Andrea Leichtfried führt ein 6,5 Hektar große Biolandwirtschaft im Nebenerwerb. Bei ihrem Direktverkauf in Waidhofen trifft sie durchaus auf Kunden, die höhere Preise zahlen würden. Allerdings bedient sie auch eine Klientel, die meist jünger ist und einen bewussten Umgang mit Lebensmittel hat.
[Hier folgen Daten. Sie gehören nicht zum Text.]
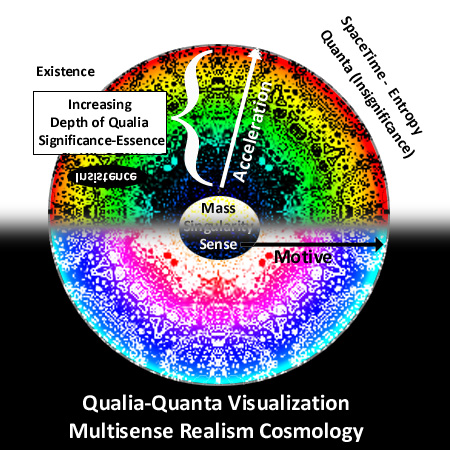 Under the Ouroboran monism proposed by MSR, dualism itself is not as important as the capacity to appreciate differences, not only for their property of being different, but for the rich aesthetic qualities which are revealed through that capacity of sense. That capacity is deemed to be Absolute, as that which can never transcended or disconnected from. While many physicists have grasped that all of physics can be reduced to relationships, MSR takes it a critical step further to say that beneath all ‘relationships’ are the capacity to participate and perceive – to relate directly to what is related…and not merely for the purpose of receiving the structural fact of relations, but to appreciate the qualities that relations exist to produce. The purpose of the universe is not merely physical, logical, and spiritual, but overwhelmingly it is aesthetic. The primordial unit of ‘pattern’ must give way to the deeper context of pansensitivity: the gourmet cuisine of pattern creation and consumption.
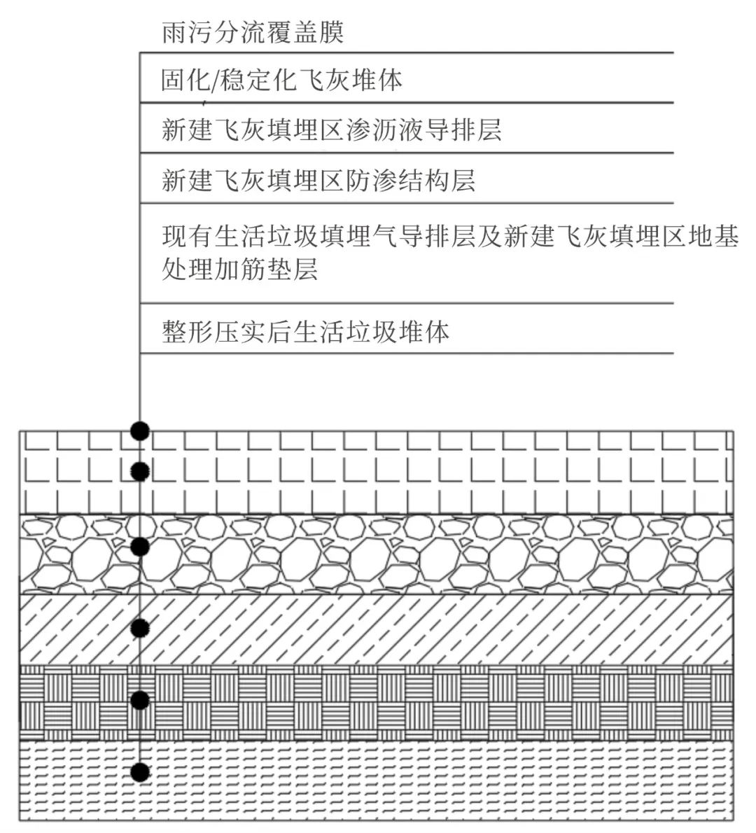 ▲圖2 生活垃圾填埋場(chǎng)改造前現(xiàn)場(chǎng)情況根據(jù)《生活垃圾填埋場(chǎng)污染控制標(biāo)準(zhǔn)》(GB 16889-2008)等相關(guān)標(biāo)準(zhǔn)要求,經(jīng)處理合格滿足入場(chǎng)條件的生活垃圾焚燒飛灰在生活垃圾填埋場(chǎng)中應(yīng)單獨(dú)分區(qū)填埋。固化/穩(wěn)定化飛灰當(dāng)長(zhǎng)期在生活垃圾產(chǎn)生的酸性滲瀝液浸泡下具有滲出有害物質(zhì)的潛在風(fēng)險(xiǎn),故要求分區(qū)填埋。通過(guò)方案比選,異地處置和水平分區(qū)由于需要大規(guī)模的開(kāi)挖、臭氣等環(huán)境影響更大、工程建設(shè)周期長(zhǎng)、投資較高等較難實(shí)施,故本項(xiàng)目確定采用原位治理的垂直分區(qū)方案。固化/穩(wěn)定化飛灰與生活垃圾性質(zhì)完全不同,其密度大于生活垃圾,此外,生活垃圾堆體通常會(huì)隨著時(shí)間的推移發(fā)生沉降,并繼續(xù)產(chǎn)生填埋氣和滲瀝液,因此,如何確保固化/穩(wěn)定化飛灰入場(chǎng)填埋后填埋場(chǎng)的穩(wěn)定安全,是本項(xiàng)目擬解決的關(guān)鍵問(wèn)題。
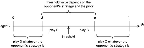Threshold strategy is a core concept developed for both the continuous and the discrete type space games with two actions. As we saw, a threshold strategy is fully characterized by its threshold and defines three regions in the type space: one associated to a pure action C, one associated to a pure action D, and one associated to a mix. By construction, the best response must be a threshold strategy. The threshold strategies presented for the DGPD are the more basic version where we play D if , play C if , and a mix of both if .
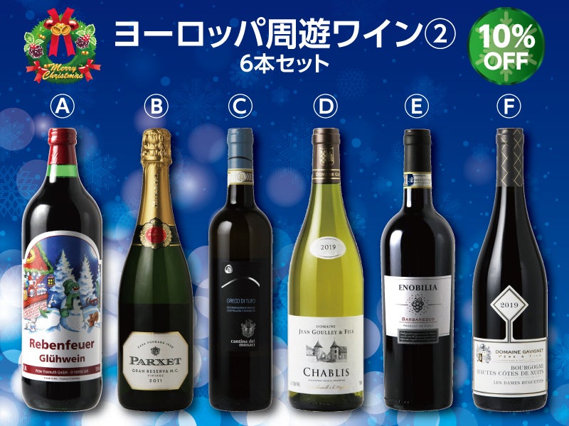 クリスマスマーケットが開催されているヨーロッパを周遊できるワインの6本セットです。いつもよりちょっといいワインが楽しめるラインナップです。
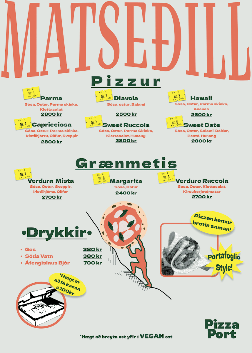 Introducing the menu at Pizza Port Rvk, a hidden gem located on Laugavegur 48, 101 Reykjavik. This charming food cart, nestled in a peaceful alley, specializes in authentic Neapolitan pizzas that truly delight. With each pie measuring 11-12 inches, you can expect a thin, delicious crust perfectly baked in a gas-fired oven at 400°C.
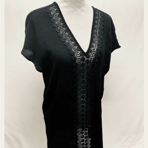 Stylish black cover-up with intricate lace detail. Perfect for beach or poolside elegance.
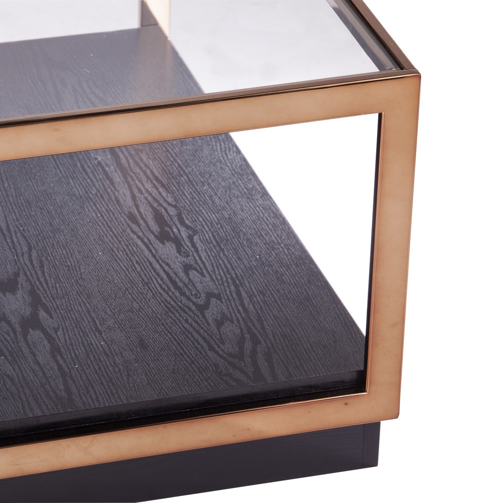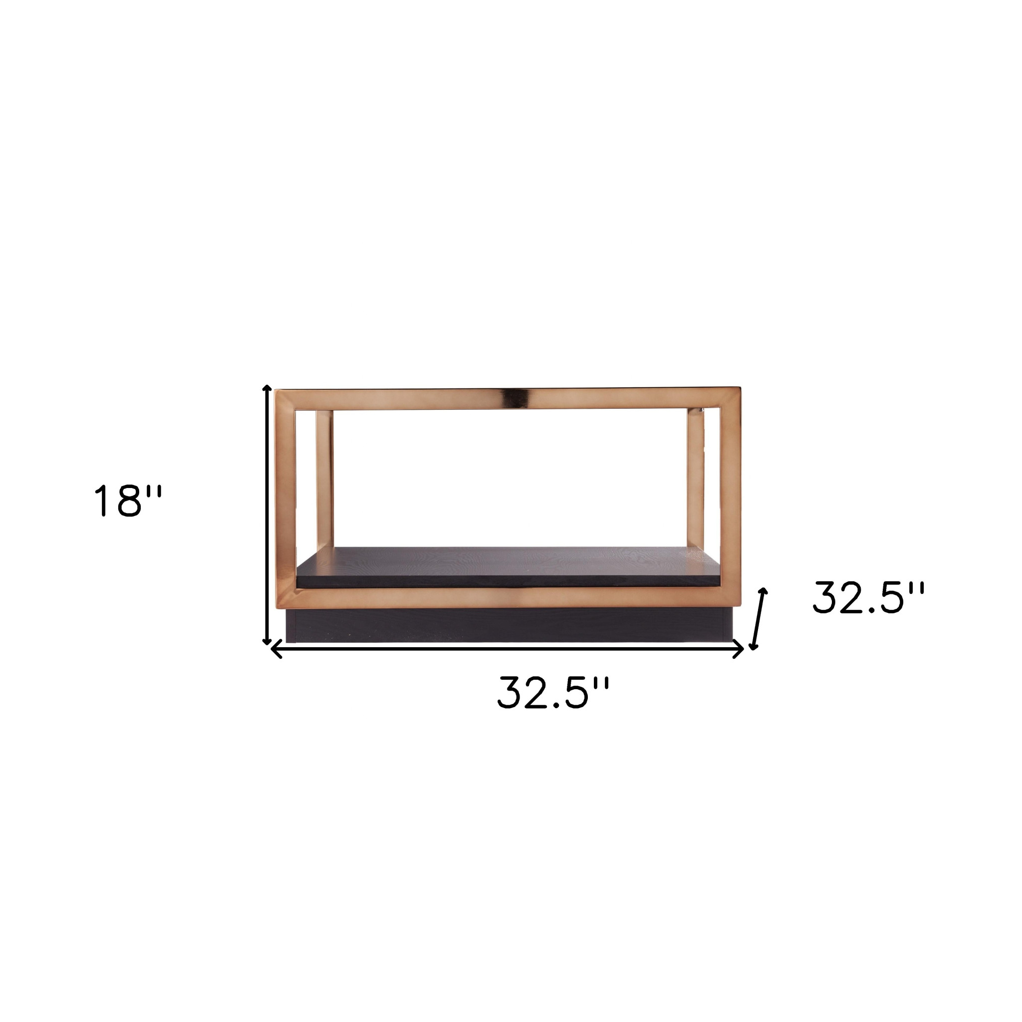 Stylish and super sturdy, the 33" champagne glass and solid manufactured wood square coffee table is an amazingly good looking coffee table that will compliment your living room. This coffee table is expertly made from high quality metal. A sleek champagne monotone color gives this solid manufactured wood and glass table a fresh and updated look. This square table utilizes its unique shape to give your room a modern geometric accent. This table features an updated monotone color scheme with champagne as the main color on both the top and the base. If you're looking for something that can fit both into a living area, bedroom, or office, this coffee table is for you. This coffee table is the sturdy, reliable and stylish answer to your living room needs. 18" H x 32.5" W x 32.5" D
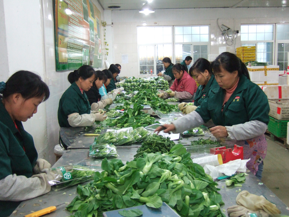 圖:供港蔬菜分檢包裝工序(本報攝)
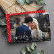 Partagez une photo de mariage préférée ce Noël avec notre carte de vacances joyeusement festive avec "joyeusement toujours après" dans un script de calligraphie moderne blanc et croustillant. Personnalisez avec vos noms et l'année. La carte revient à un motif de neige rouge et blanche en hiver.

Sie ist überzeugt, dass man schon bei den Kindern diesen bewussten Umgang mit Lebensmitteln anerziehen kann.

Claus Holla von Bio-Austria berichtet von Kopenhagen (Dänemark), wo in der Gastronomie des öffentlichen Raums ein Bioanteil von 95 Prozent herrscht. Wien kommt in den öffentlichen Großküchen gerade auf einen Bioanteil von 30 Prozent. Geld sei der Hauptgrund für diese niedrige Quote. Für die Tagesverpflegung einer Person mit fünf Mahlzeiten und Getränken stehen gerade 3,55 Euro zur Verfügung. Nächstes Jahr wird diese Betrag um 4 Cent angehoben.

Ernst Gassner, Geschäftsführer des Weltladen Amstetten, berichtet von etwa 800 Millionen hungernden und 1,9 Milliarden übergewichtigen Menschen auf der Welt. 70 Prozent der Lebensmittel werden in kleinbäuerlichen Strukturen erwirtschaftet.

Ingrid Kaubeck, Betreiberin der Adeg Filiale in St.Peter/Au war als einzige aller regionalen Vertretungen der umliegenden Handelsketten zum Vortrag gekommen. Sie appelliert unter Beifall an die Bürgermeister, die regionalen Märkte zu unterstützen.